RECORD EXCERPTS
■ ■ ■
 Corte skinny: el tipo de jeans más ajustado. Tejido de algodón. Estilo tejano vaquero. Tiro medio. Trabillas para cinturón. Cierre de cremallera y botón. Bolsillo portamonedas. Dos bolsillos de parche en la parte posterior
■ ■ ■
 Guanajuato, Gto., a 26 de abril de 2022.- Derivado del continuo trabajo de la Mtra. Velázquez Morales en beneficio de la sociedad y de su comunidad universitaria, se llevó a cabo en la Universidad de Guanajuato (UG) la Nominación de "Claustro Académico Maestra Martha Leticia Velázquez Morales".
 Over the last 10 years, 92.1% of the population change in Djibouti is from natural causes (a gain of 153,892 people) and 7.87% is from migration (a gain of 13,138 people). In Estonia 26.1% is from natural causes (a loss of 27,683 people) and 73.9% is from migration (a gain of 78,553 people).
■ ■ ■
YOUR GOAL
Would you retype exactly the lines above, from the line with "Guanajuato, Gto., a" to the line with "Over the last", with both end lines kept and nothing more?

YOUR RESPONSE
 Guanajuato, Gto., a 26 de abril de 2022.- Derivado del continuo trabajo de la Mtra. Velázquez Morales en beneficio de la sociedad y de su comunidad universitaria, se llevó a cabo en la Universidad de Guanajuato (UG) la Nominación de "Claustro Académico Maestra Martha Leticia Velázquez Morales".
 Over the last 10 years, 92.1% of the population change in Djibouti is from natural causes (a gain of 153,892 people) and 7.87% is from migration (a gain of 13,138 people). In Estonia 26.1% is from natural causes (a loss of 27,683 people) and 73.9% is from migration (a gain of 78,553 people).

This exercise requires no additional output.